There are 4 basic things to look for:

a) Novelty of vision: the person is thinking about interesting problems they want to work on that show some signs of originality and ambition and isn't entirely a process-oriented person who is just very good at a particular type of problem. No good researcher is every content to be merely a process tool for someone else's agenda, so if you find somebody who says "I know everything about machine learning and the methods of the field, but there is no problem I am interested in working on right now, give me something to do" something is wrong (the person may be a genius, like Paul Erdos, who'd show up at friend's places saying "my mind is empty" and work on anything the friend wanted to work on... but among the ordinary minds, "empty mind" is usually a sign of burnout or incompetence).

b) Collegiality: the person can get along, collaborate, is interested in others' research, and naturally comes up with potential ways to apply their skills to others' problems. This is CRUCIAL. Every researcher has ideal "perfect" problems they'd love to sink their teeth into. Most are practical enough to just keep them around for the right opportunity, and perfectly willing to get interested in the problems actually available to be worked on.

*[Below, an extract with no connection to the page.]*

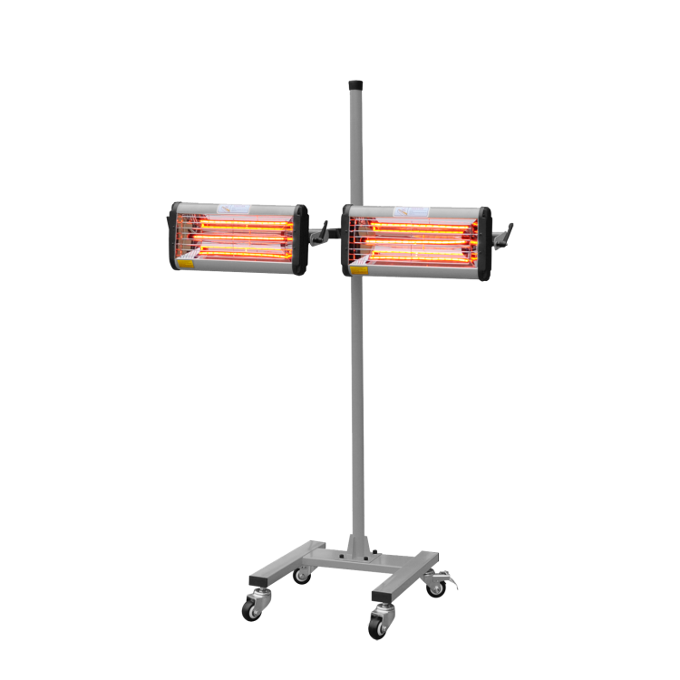 Изготовлена из алюминиевого сплава, рефлекторы из нержавеющей стали марки 304 с зеркальной полировкой. Кварцевые коротковолновые инфракрасные галогенные лампы VPOWER со сроком службы 5000-7000 часов. Простой и удобный дизайн, механический регулятор настройки таймера. Кассета с лампами может двигаться вверх и вниз и поворачиваться на 360°.

c) Pragmatism/resourcefulness: the person understands funding challenges and knows the basics of what it takes to get research funded in the particular environment, shows willingness to adapt their interests to the needs of funding sources, and has at least a passing familiarity with the major sources of money and preferably, people who control the money. But too much of this is a danger sign. If a person shows signs of knowing more about the intricacies of DARPA processes and current funding politics than about interesting research problems, paradoxically, they'll be BAD at raising money. The funding agencies don't like researchers who are too polished as "operators" at the expense of research ability. Ultimately, getting the money is just an important and time-consuming sideshow. The research is and should be the main act.

d) Drive: a sign of relentless energy, which can be hard to detect because many highly-driven researchers come across as soft-spoken, quiet and low-energy in face to face interactions. But they'll put in 80 hour weeks in the lab.

You should also get a read on what the person's basic external motivator is (outside of "I just want to do interesting work" which is true and tautological of everybody in research): papers? patents? building prototypes? winning prizes? getting new things to market? building a large program and managing others? working with cutting edge equipment? If they are purely internally motivated, they are likely too philosophical to survive. If they don't like at least one of the "external games" they may crash and burn bemoaning the crassness of it all. You need to find the candidate's external "addiction." Mine happens to be model-building (simulations).

If you can't offer that external motivator, the person is not a fit and will eventually leave/fail. R&D people can be surprisingly low on self-awareness, and in denial about what they actually want. There are a lot of people for instance, who'd rather be in academia writing papers who are sitting in industrial R&D labs being forced to put out fires downstream. If you can't find a way for these people to feel like academics while doing the R&D work the company needs, they won't be motivated. Conversely there are people sitting in academia who hate writing papers and would rather spend all their time engineering difficult prototypes, and acting like startup CEOs.